Personal information
- Date of birth: 23 January 1988 (age 37)
- Height: 1.95 m (6 ft 5 in)
- Position: Striker

Youth career
- 1994–2001: Uppåkra
- 2002–2006: Helsingborg

Senior career*
- Years: Team / Apps / (Gls)
- 2007–2010: Helsingborg / 8 / (2)
- 2007: → GAIS (loan) / 10 / (1)
- 2008: → Falkenberg (loan) / 9 / (0)
- 2009: → GAIS (loan) / 2 / (0)
- 2010: Hammarby / 19 / (1)
- 2011: Lund / 22 / (1)
- 2015: Högaborg

= Tobias Holmqvist =

Swedish footballer

Tobias Holmqvist (born 23 January 1988) is a Swedish former footballer who played as a striker.

==Career==
Holmqvist played for Uppåkra between the ages of 6 and 13, before joining Helsingborg in January 2002. While with Helsingborg he spent loan spells at GAIS and Falkenberg.
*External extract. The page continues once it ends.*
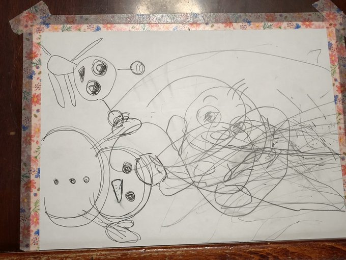 息子がお絵描きしたいと言ったので…コピー用紙を渡そうと思ったけど1歳児にコピー用紙渡したらやばそうだったのでマスキングテープで固定 わたしが雪だるま描いたのを真似して描いたみたい〜 #絵描きさんと繋がりたい
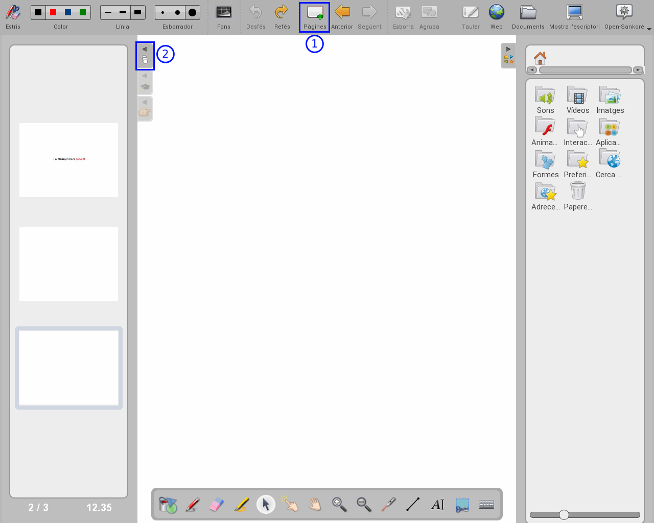 Per a afegir algun dels recursos disponibles, hem de navegar per les carpetes i, una vegada seleccionat el recurs, arrossegar-lo a la zona de la pissarra interactiva.

GAIS had wanted to sign Holmqvist on a permanent contract, but he elected to remain at Helsingborg as it was his boyhood club. He dropped down a division to sign for Hammarby in 2010 on the advice of his agent, in order to make more first-team appearances, taking a pay cut in the process. The next season, he dropped down a division again to sign for Lund, motivated in part due to homesickness. In 2012, he did not have a club, and instead worked at Team Sportia, a sports shop in Helsingborg. In 2015, he was playing for Högaborg in the Swedish fourth division.